> TASK
Set down the whole listing below exactly. The pictures stay out.

RECORDS FOR THE TASK Start Marker

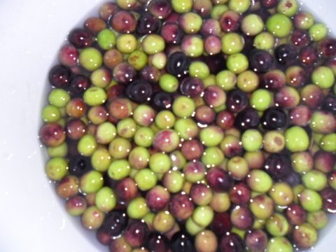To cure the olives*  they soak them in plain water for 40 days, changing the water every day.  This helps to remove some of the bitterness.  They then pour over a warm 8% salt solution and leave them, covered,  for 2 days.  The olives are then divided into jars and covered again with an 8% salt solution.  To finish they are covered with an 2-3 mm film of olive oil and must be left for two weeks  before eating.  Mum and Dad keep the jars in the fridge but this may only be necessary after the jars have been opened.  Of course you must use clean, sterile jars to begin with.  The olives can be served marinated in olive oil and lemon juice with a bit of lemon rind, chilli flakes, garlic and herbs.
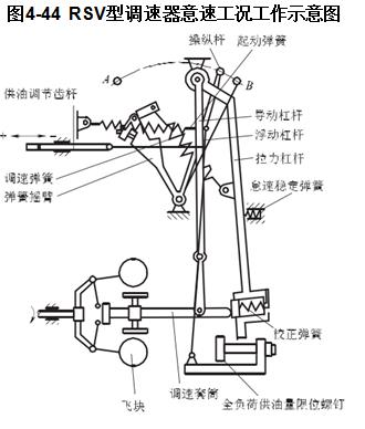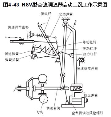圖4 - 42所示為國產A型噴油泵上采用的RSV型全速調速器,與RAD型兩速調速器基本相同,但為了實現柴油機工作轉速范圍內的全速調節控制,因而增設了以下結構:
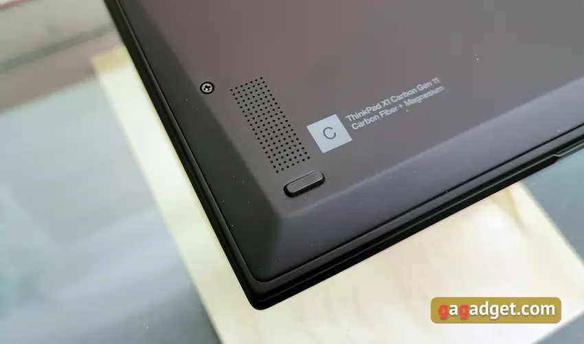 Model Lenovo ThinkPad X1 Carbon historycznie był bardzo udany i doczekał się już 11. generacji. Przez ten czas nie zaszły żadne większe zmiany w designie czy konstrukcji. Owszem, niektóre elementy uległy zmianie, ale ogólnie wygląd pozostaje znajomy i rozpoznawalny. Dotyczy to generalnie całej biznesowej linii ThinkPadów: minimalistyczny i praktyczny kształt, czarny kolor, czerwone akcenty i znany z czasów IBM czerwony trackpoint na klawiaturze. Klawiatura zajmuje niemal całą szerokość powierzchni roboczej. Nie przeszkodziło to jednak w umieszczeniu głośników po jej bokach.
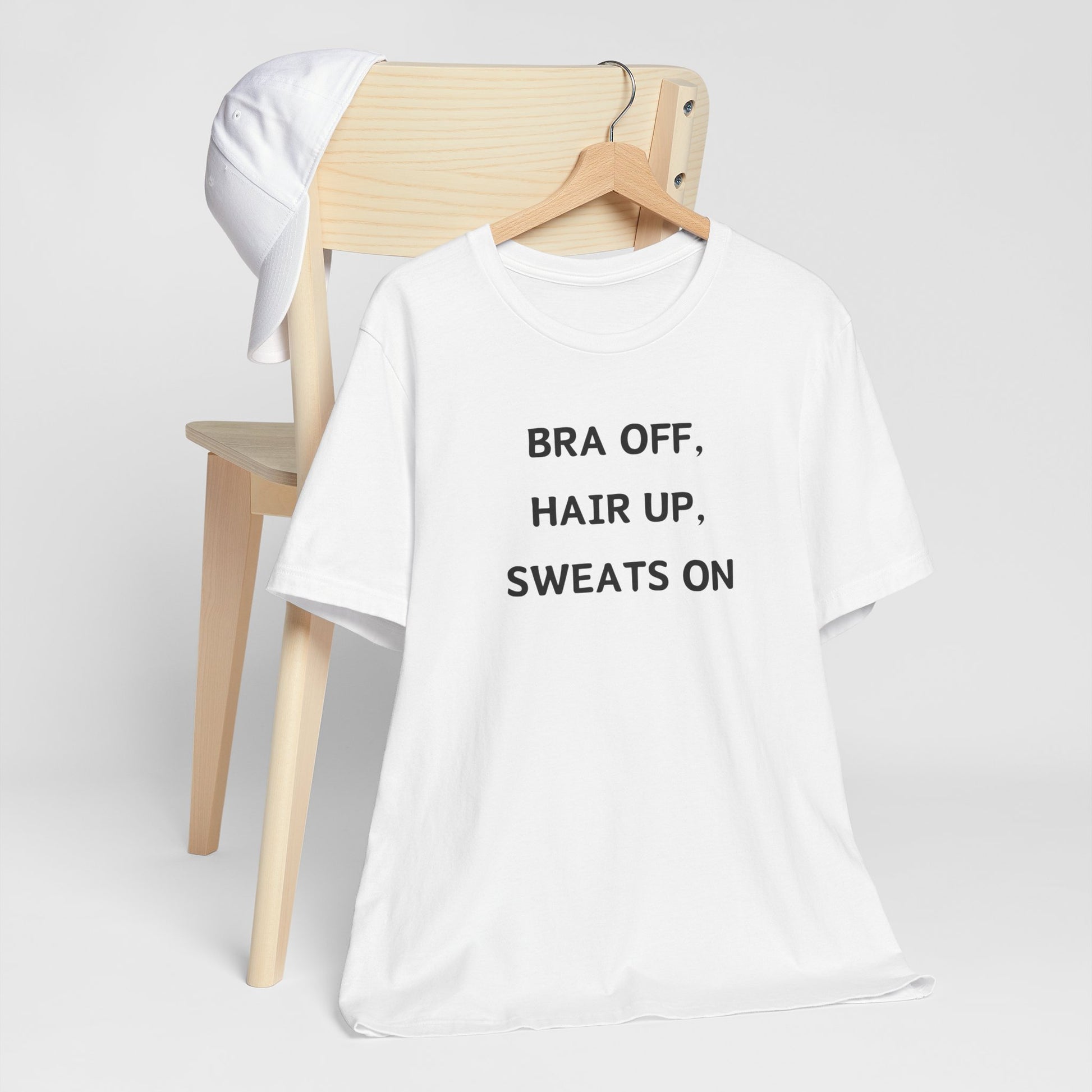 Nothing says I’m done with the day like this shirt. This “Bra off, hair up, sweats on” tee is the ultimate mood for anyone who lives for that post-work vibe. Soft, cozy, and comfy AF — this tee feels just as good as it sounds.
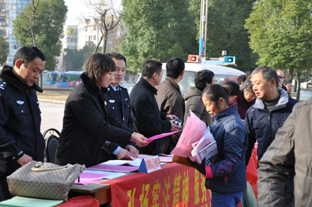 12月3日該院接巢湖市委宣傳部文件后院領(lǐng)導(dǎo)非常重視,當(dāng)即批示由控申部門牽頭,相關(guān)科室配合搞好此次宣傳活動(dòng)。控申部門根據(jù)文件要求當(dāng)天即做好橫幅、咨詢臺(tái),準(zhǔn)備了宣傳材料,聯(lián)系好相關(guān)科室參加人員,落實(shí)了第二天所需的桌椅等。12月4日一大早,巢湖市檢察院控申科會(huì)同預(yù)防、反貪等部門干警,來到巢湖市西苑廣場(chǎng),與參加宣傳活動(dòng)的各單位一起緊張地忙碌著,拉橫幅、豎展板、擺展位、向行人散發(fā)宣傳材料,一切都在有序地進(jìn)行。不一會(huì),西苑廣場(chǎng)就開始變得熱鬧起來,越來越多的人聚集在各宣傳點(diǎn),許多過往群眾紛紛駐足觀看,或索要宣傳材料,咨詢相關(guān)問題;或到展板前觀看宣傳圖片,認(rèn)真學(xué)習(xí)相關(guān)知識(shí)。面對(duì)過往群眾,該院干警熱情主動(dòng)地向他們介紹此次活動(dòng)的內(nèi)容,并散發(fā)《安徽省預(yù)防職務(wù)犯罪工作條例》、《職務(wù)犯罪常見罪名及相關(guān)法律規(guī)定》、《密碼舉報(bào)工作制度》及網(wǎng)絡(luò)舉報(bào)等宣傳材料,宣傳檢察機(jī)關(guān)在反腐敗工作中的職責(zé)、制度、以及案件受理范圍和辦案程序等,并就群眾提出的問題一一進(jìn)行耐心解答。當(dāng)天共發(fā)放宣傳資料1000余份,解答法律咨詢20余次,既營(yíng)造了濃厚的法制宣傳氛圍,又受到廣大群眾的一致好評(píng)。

RECORDS FOR THE TASK End Marker

> REPLY TO THE TASK
To cure the olives*  they soak them in plain water for 40 days, changing the water every day.  This helps to remove some of the bitterness.  They then pour over a warm 8% salt solution and leave them, covered,  for 2 days.  The olives are then divided into jars and covered again with an 8% salt solution.  To finish they are covered with an 2-3 mm film of olive oil and must be left for two weeks  before eating.  Mum and Dad keep the jars in the fridge but this may only be necessary after the jars have been opened.  Of course you must use clean, sterile jars to begin with.  The olives can be served marinated in olive oil and lemon juice with a bit of lemon rind, chilli flakes, garlic and herbs.
圖4 - 42所示為國產A型噴油泵上采用的RSV型全速調速器,與RAD型兩速調速器基本相同,但為了實現柴油機工作轉速范圍內的全速調節控制,因而增設了以下結構:
 Model Lenovo ThinkPad X1 Carbon historycznie był bardzo udany i doczekał się już 11. generacji. Przez ten czas nie zaszły żadne większe zmiany w designie czy konstrukcji. Owszem, niektóre elementy uległy zmianie, ale ogólnie wygląd pozostaje znajomy i rozpoznawalny. Dotyczy to generalnie całej biznesowej linii ThinkPadów: minimalistyczny i praktyczny kształt, czarny kolor, czerwone akcenty i znany z czasów IBM czerwony trackpoint na klawiaturze. Klawiatura zajmuje niemal całą szerokość powierzchni roboczej. Nie przeszkodziło to jednak w umieszczeniu głośników po jej bokach.
 Nothing says I’m done with the day like this shirt. This “Bra off, hair up, sweats on” tee is the ultimate mood for anyone who lives for that post-work vibe. Soft, cozy, and comfy AF — this tee feels just as good as it sounds.
 12月3日該院接巢湖市委宣傳部文件后院領(lǐng)導(dǎo)非常重視,當(dāng)即批示由控申部門牽頭,相關(guān)科室配合搞好此次宣傳活動(dòng)。控申部門根據(jù)文件要求當(dāng)天即做好橫幅、咨詢臺(tái),準(zhǔn)備了宣傳材料,聯(lián)系好相關(guān)科室參加人員,落實(shí)了第二天所需的桌椅等。12月4日一大早,巢湖市檢察院控申科會(huì)同預(yù)防、反貪等部門干警,來到巢湖市西苑廣場(chǎng),與參加宣傳活動(dòng)的各單位一起緊張地忙碌著,拉橫幅、豎展板、擺展位、向行人散發(fā)宣傳材料,一切都在有序地進(jìn)行。不一會(huì),西苑廣場(chǎng)就開始變得熱鬧起來,越來越多的人聚集在各宣傳點(diǎn),許多過往群眾紛紛駐足觀看,或索要宣傳材料,咨詢相關(guān)問題;或到展板前觀看宣傳圖片,認(rèn)真學(xué)習(xí)相關(guān)知識(shí)。面對(duì)過往群眾,該院干警熱情主動(dòng)地向他們介紹此次活動(dòng)的內(nèi)容,并散發(fā)《安徽省預(yù)防職務(wù)犯罪工作條例》、《職務(wù)犯罪常見罪名及相關(guān)法律規(guī)定》、《密碼舉報(bào)工作制度》及網(wǎng)絡(luò)舉報(bào)等宣傳材料,宣傳檢察機(jī)關(guān)在反腐敗工作中的職責(zé)、制度、以及案件受理范圍和辦案程序等,并就群眾提出的問題一一進(jìn)行耐心解答。當(dāng)天共發(fā)放宣傳資料1000余份,解答法律咨詢20余次,既營(yíng)造了濃厚的法制宣傳氛圍,又受到廣大群眾的一致好評(píng)。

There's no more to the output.